During August 2009, I visited the site and was fortunate to meet with Grant Higson who not only showed me the location of the find, but also described the geological formation of the cemetery area.
The site is situated in a natural hollow just above a steep sided ravine known as Scotsman’s Wood through which a stream flows. The location in the hollow obscures all surrounding views of the East Lancashire Pennines and the Billinge Hill massif. The near surrounding area is on a natural sandbank created by the western shore of the post-glacial ‘Lake Accrington’.
The urn found is typical of the well developed Pennine urns recovered from the Anglezarke, Bleasdale and Burnley districts and a date of 1500+250 BC is more than likely cet. par.
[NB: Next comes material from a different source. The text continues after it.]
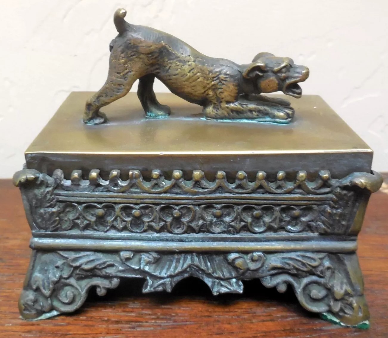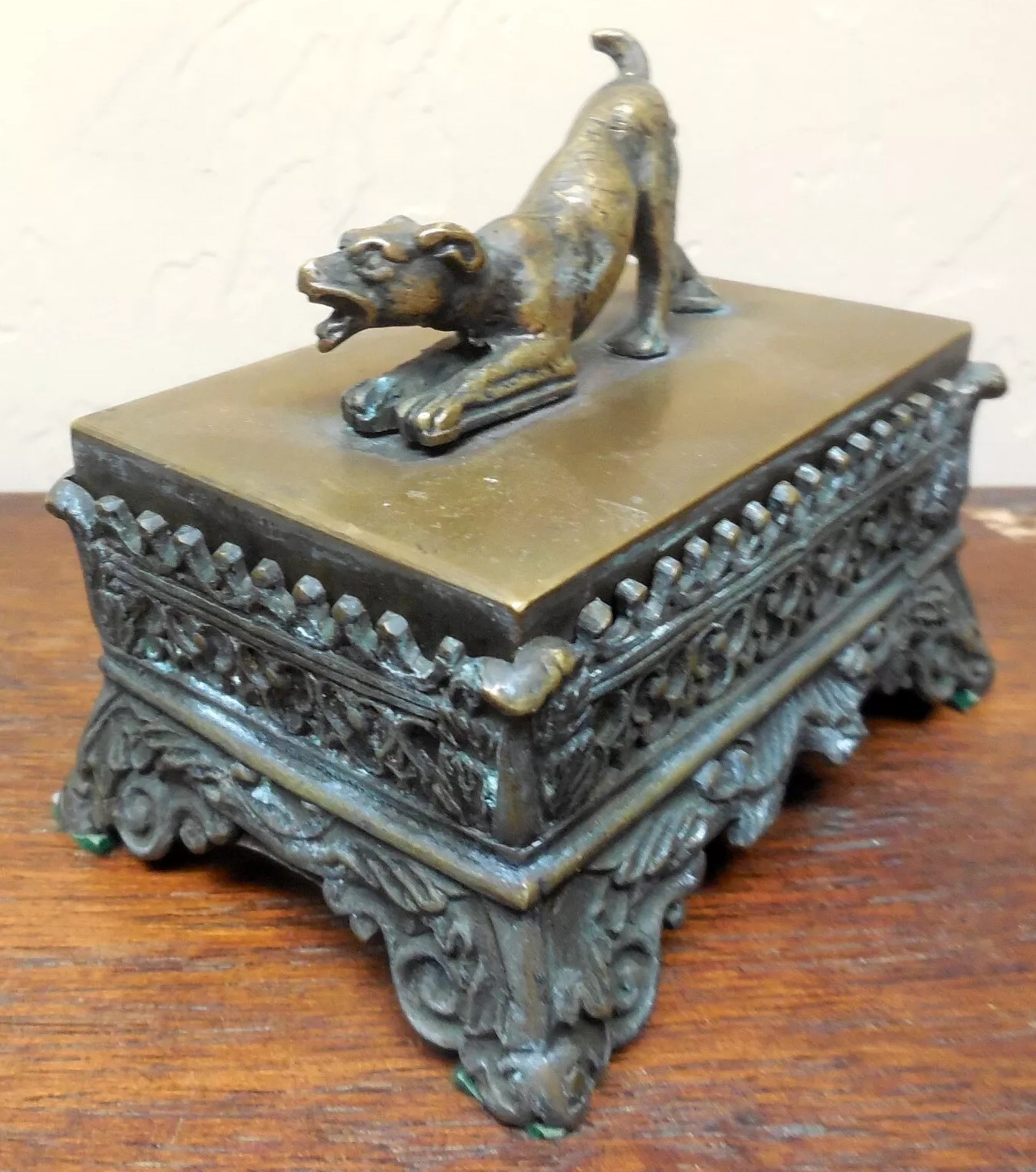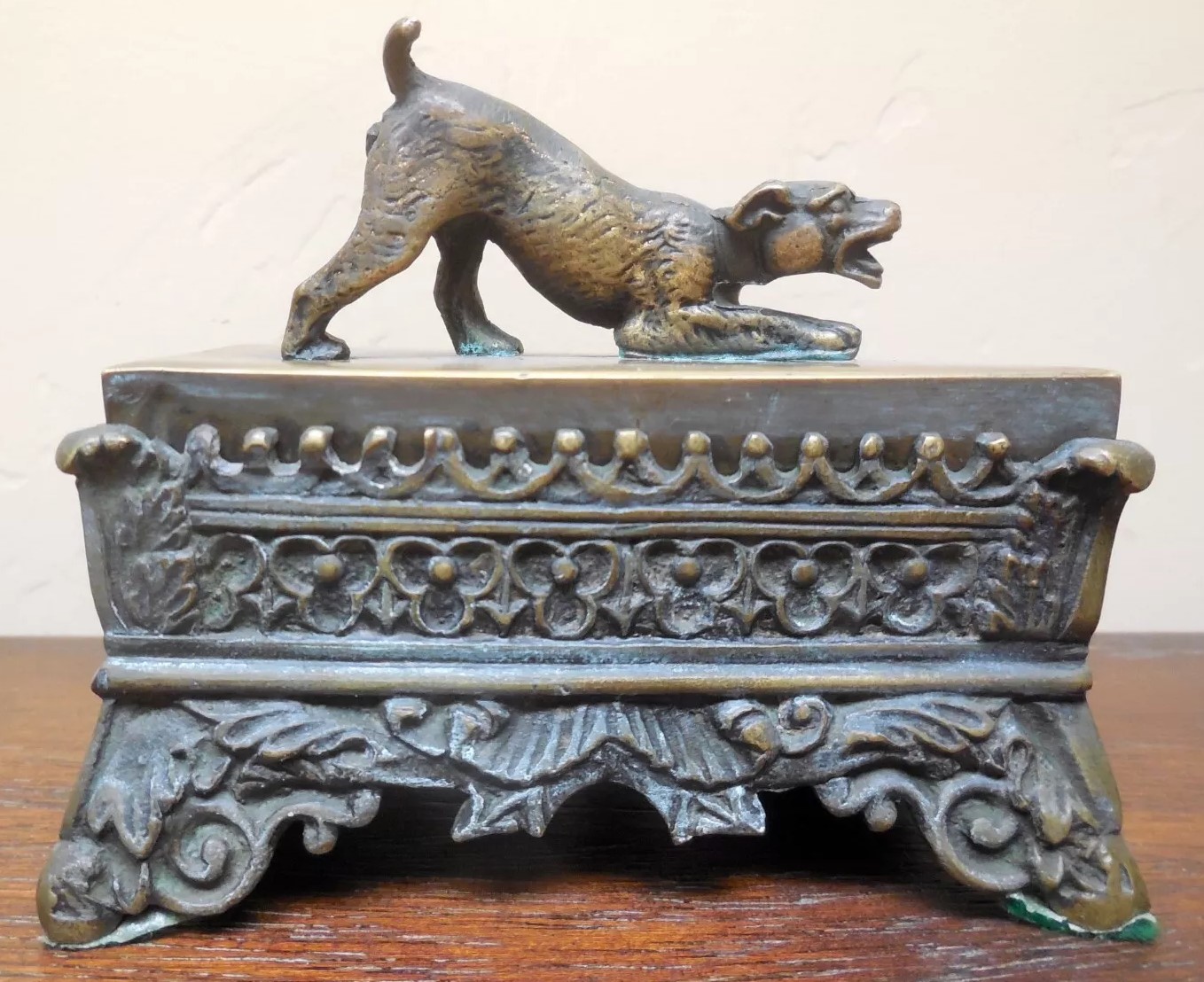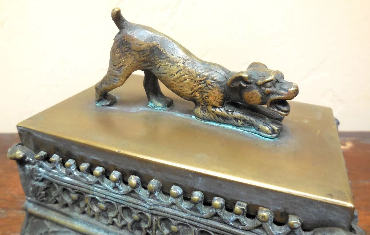 This bronze French inkstand features an ornate design with intricate floral and scrollwork patterns on the base. The highlight of the inkstand is the detailed sculpture of a dog on top, captured in a playful stance with its front legs bent and mouth open. The top lifts off to access an inkwell, sander and two pen holes.

Given the ‘sheltered’ location of the find I would ascribe the site as one of a primary domestic nature, the burial being a secondary feature, primary tumulus burials in prominent locations being the sole preserve of the ruling aristocracy. What we are looking at is a hearth burial within a communal living hut: following the Indo-European custom, the dead were given to the earth inside the human habitation. The dear departed, who had been so close to the family group in life, had to remain among them in death also and share the family’s joys and struggles, food and drink. While living they had enjoyed nightly rest under the roof of the communal hut, dead they slept the eternal slumber beneath the domestic heart.
PS: This site is noted by ’TheElf’, THE MODERN ANTIQUARIAN. ‘TheElf’ goes on to mention – ‘I saw what could possibly be a standing stone, some 200 metres north east of the cemetery.’
I located this stone (SD 648 273) and found it to be a broken 17th century gate stoop for pole fence – a gate post with a series of holes used to create a ‘heck’, being an adjustable series of pole bars in lieu of a gate.